Richard Sherman brought the hammer down after the game:

“On the final play, you got to run the ball. Again — like, I mean I wish I had Marshawn up here — like, one yard. You need one yard running the ball. . . . All he has to do is run the football. . . . I’ve said enough criticism for him, but God dang it run the dang ball. It’s like, learn from the mistakes. RUN THE BALL!”

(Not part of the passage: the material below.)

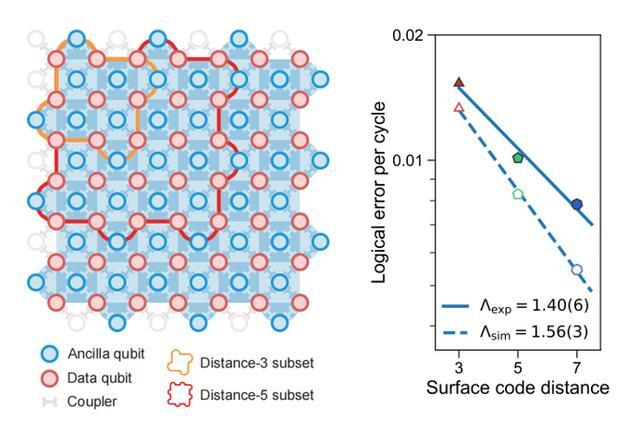 图 1. 左:随着码距增从 3( 橙色框内比特)增大到 5(红色框内比特)再到 7(所有彩色标注比特),右:逻辑错误率指数下降

In case you don’t understand the context, Sherman was a cornerback on the Seahawks team that lost that Super Bowl on a play where Russell Wilson threw a pass that was intercepted in the end zone by none other than Stephon Gilmore, who was then with the Patriots. He referenced running back Marshawn “Beast Mode” Lynch, who had rushed for over 1,000 yards for Seattle in each of the previous four seasons:

In Super Bowl XLIX, where the Seahawks lost 28–24 to the New England Patriots, Lynch had 24 carries for 102 yards and a touchdown, plus a catch for 31 yards. Late in the fourth quarter on a potential game-winning drive, Lynch ran the ball from the five yard line but was tackled by Dont’a Hightower at the one-yard line. On the next offensive play of the game, the Seahawks chose to pass the ball at the one-yard line instead of running it with Lynch, and Russell Wilson’s pass was intercepted. Lynch was visibly upset by the decision and left the Seahawks locker room without addressing the media. He stated in a later interview with Conan O’Brien that he was “expecting the ball” prior to the play.